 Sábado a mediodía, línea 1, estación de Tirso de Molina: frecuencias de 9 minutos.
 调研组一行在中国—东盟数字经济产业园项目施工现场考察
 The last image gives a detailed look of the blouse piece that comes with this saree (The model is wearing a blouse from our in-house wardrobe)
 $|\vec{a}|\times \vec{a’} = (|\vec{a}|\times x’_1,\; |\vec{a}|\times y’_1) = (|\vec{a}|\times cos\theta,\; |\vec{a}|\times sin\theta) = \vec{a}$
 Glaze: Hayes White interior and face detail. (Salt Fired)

* * *

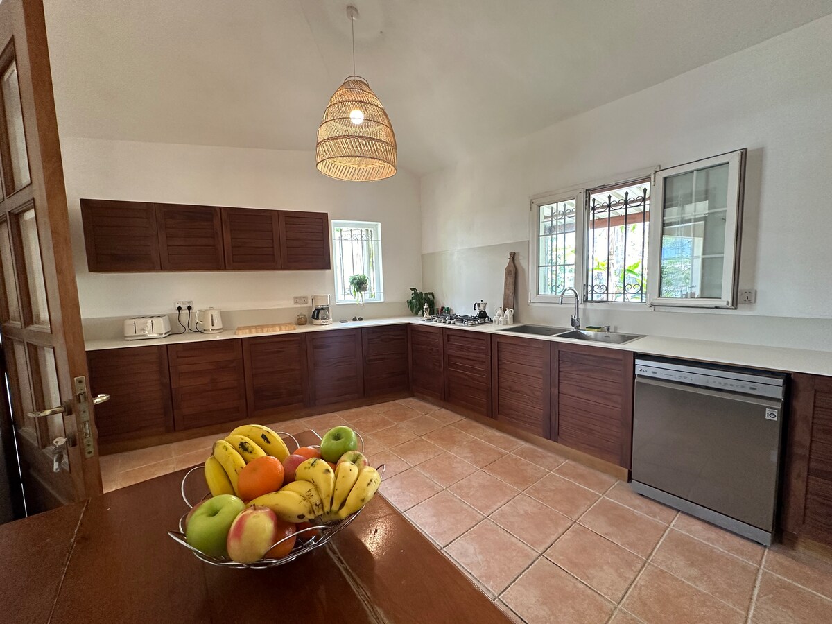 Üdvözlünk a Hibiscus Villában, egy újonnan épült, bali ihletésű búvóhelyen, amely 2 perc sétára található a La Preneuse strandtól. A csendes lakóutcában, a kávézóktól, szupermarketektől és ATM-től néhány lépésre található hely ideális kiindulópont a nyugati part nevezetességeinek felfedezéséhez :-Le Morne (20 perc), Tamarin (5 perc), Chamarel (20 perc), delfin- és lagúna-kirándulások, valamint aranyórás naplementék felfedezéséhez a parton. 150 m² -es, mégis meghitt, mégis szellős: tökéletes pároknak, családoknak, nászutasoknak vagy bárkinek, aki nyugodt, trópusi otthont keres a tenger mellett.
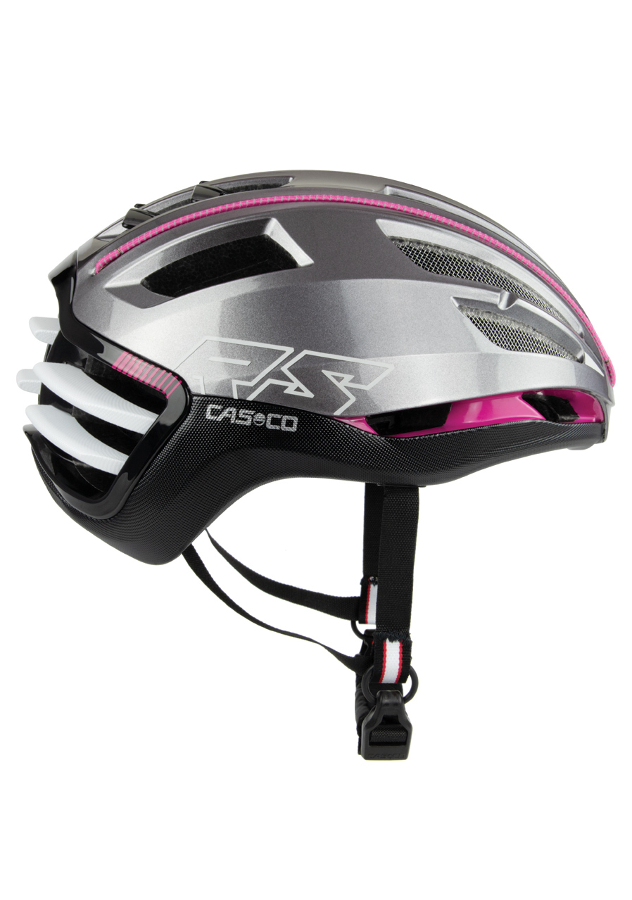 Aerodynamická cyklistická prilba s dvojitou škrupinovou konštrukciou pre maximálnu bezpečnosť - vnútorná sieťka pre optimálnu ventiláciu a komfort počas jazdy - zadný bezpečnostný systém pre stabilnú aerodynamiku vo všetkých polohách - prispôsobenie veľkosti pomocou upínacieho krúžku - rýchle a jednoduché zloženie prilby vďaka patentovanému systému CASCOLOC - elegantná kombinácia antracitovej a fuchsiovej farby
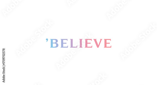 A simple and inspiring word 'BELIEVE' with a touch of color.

==

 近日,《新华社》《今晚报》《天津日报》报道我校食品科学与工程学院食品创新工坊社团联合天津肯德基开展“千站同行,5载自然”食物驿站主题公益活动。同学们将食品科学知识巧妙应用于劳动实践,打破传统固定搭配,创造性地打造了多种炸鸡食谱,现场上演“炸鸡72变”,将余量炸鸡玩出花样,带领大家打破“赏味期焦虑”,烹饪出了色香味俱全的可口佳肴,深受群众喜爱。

### EXERCISE
The listing above holds a line with "Sábado a mediodía, línea" and a line with "The last image". Print the stretch from the first through the second, exactly and alone.

### TASK OUTPUT
 Sábado a mediodía, línea 1, estación de Tirso de Molina: frecuencias de 9 minutos.
 调研组一行在中国—东盟数字经济产业园项目施工现场考察
 The last image gives a detailed look of the blouse piece that comes with this saree (The model is wearing a blouse from our in-house wardrobe)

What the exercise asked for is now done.